Sunday, July 25, 2010

Last Update/Quiz Before Isabella's Arrival

Symptoms: *Heartburn (yes, it's still here. I sleep with two pillows so that my head is propped up), *frequent potty trips (I guess my bladder is preparing me for feedings every three hours), *stretch marks, *tiredness (I ♥ my naps), *lots of baby movement, *random nausea

Total weight gain: 30 lbs as of my last OB appointment. No more appointments left until after my c-section...

Maternity clothes: I'm just bumming it when I'm at home. I wear comfy crops with a tank top. But I can still get away with wearing non-maternity shirts and dresses!

Stretch marks: They are seriously not my friends. They look like fire on my belly. Hubby calls them "Diablo."

Sleep: Sleep hasn't been the best thing. It takes so much effort to toss and turn. I'm up every few hours for a potty break. Last night, I had horrible knee pain in the middle of the night. So sleep isn't too great. I guess it's preparing me for life with a child.
 
Best moment this week: Being able to count down the days until Isabella's birth on one hand.

Movement: Tons. It's like an alien living in my belly. 

Food cravings: Chocolate. Weird, I know, since I haven't craved it at all throughout the entire pregnancy. But I've been wanting chocolate for the last week.

Belly Button in or out: It's a halfy. It's half in and it's half out. If I do something like blow my nose, it sticks out a little more.

What I miss: Being able to walk up a flight of stairs without losing my breath or feeling like my knees are my arch enemies.

What I am looking forward to: Isabella's arrival on Wednesday.
 
Milestones: Having my last prenatal checkup with the obstetrician. It really makes it real that Isabella is arriving this week! 
 
How is daddy? He's really excited, but he's also very nervous. He's like a little kid going on an exciting trip. he doesn't sleep well at night. He hasn't had a big appetite. He's excited but super nervous.

How are the grandparents? They are SOOOO excited.
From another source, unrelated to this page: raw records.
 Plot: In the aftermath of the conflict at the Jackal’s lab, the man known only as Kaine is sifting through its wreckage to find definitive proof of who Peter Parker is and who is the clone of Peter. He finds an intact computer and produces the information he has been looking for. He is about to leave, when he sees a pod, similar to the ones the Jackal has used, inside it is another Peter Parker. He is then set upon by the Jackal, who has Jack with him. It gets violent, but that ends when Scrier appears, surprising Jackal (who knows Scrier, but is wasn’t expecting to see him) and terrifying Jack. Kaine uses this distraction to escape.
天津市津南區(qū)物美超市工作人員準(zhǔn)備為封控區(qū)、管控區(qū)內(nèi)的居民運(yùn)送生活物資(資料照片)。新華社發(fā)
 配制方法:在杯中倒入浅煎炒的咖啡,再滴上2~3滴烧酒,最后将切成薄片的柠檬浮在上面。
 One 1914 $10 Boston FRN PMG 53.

There are no words to describe their amount of excitement.

Here's the last of my belly pictures...next picture I post should be of Isabella!

Tuesday, July 20, 2010

Only a Week to Go!

It's so hard to believe that there is only one week to go before I meet my sweet Isabella Joy. In anticipation of her arrival soon, Hubby write her a beautiful letter that I added to my other blog, Letters to My Unborn Daughter. I cried when I read it. It's beautiful. I wrote her another letter, too, as I wait so anxiously for this next week to pass. It is still so surreal that I am finally in the place where I am waiting for my child's arrival instead of waiting for an egg to grow or an egg to ovulate. It's been quite a journey getting here! But I have come to the realization that I am so thankful for every ounce of strife on that journey. All my tears? They were worth the joy of waiting for this child. All my fears? They were worth working through to get to this point. I'm thankful for the blessing of the long journey. It's through my journey that I can encourage others who are walking on a similar road. I had the same encouragement along my journey and I will never forget how powerful it is to have someone walk with you who has been in similar shoes. 
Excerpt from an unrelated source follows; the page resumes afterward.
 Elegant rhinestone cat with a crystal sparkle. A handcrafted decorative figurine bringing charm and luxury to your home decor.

Hubby is anxiously awaiting the arrival of his little princess, too. He's more worried about me post baby's arrival, since we are scheduled for a c-section. Here's the latest on my wiggle worm. She is breech. My amniotic fluid levels are now within the normal range instead of being so high. Although that is GREAT news, it means she has less room to move around. That means she has less of a chance to get into a head-down position at this point. I'm okay with that. God has been good to me through the past month. I did another pre-eclampsia test (24-hour urine collection) and my results totally rocked! They were spectacular. I am still shocked by the great news. I had settled myself with the fact that I most likely had failed and would be having a c-section this week. But that was not God's plan for us. So next Wednesday, the 28th, Isabella will arrive into this world unless she has a time line nobody knows about and chooses to show up earlier. 
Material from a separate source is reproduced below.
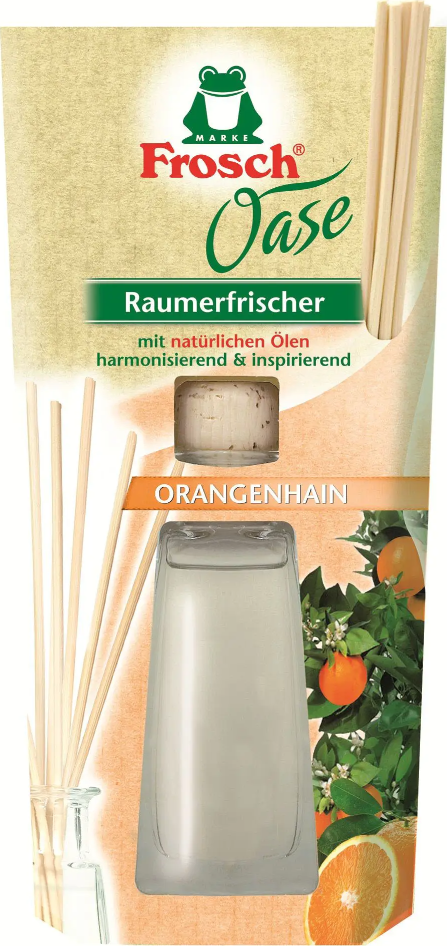 Освежитель-Аромадиффузор 90мл, Frosch с эфирными маслами с палочками, "Апельсиновая роща"

There's not much else going on. I'm still on bed rest, so there's no nesting going on. I'm a bit bummed about this, but Hubby has been doing all the nesting. He's been a great partner and best friend through all of this. He's my encouragement on the days where I feel so useless. He cleans, he cooks, he set up the nursery. Me? I sit on the couch or a lay down. That's all I'm allowed to do. It gets frustrating, as I feel like I am not tending to the needs of him through all of this. But he's always so encouraging and reminds me that it's because of strictly limiting my activities that Isabella has been doing so well and is staying in as long as possible. He reminds me that keeping the baby in the womb longer is far from useless. He's such a great husband. I am so blessed to have him. 

I'm going to go for now. I've got a case of the munchies, so I'm going to eat some grapes and maybe one of my cheapie freezer pops. 

Tuesday, July 13, 2010

36 Weeks 6 Days Update

How far along: 36 weeks 6 days
 
Symptoms: *Heartburn (ugh...I thought it was getting better, but in the past week, it has made an appearance in the middle of the night, so sleeping is not the BEST thing ever right now), *frequent potty trips (I'm back to getting up in the middle of the night again), *stretch marks, *tiredness (I ♥ my naps), *lots of baby movement, *random nausea

Total weight gain: 25 lbs as of my last OB appointment. Next appointment is Thursday.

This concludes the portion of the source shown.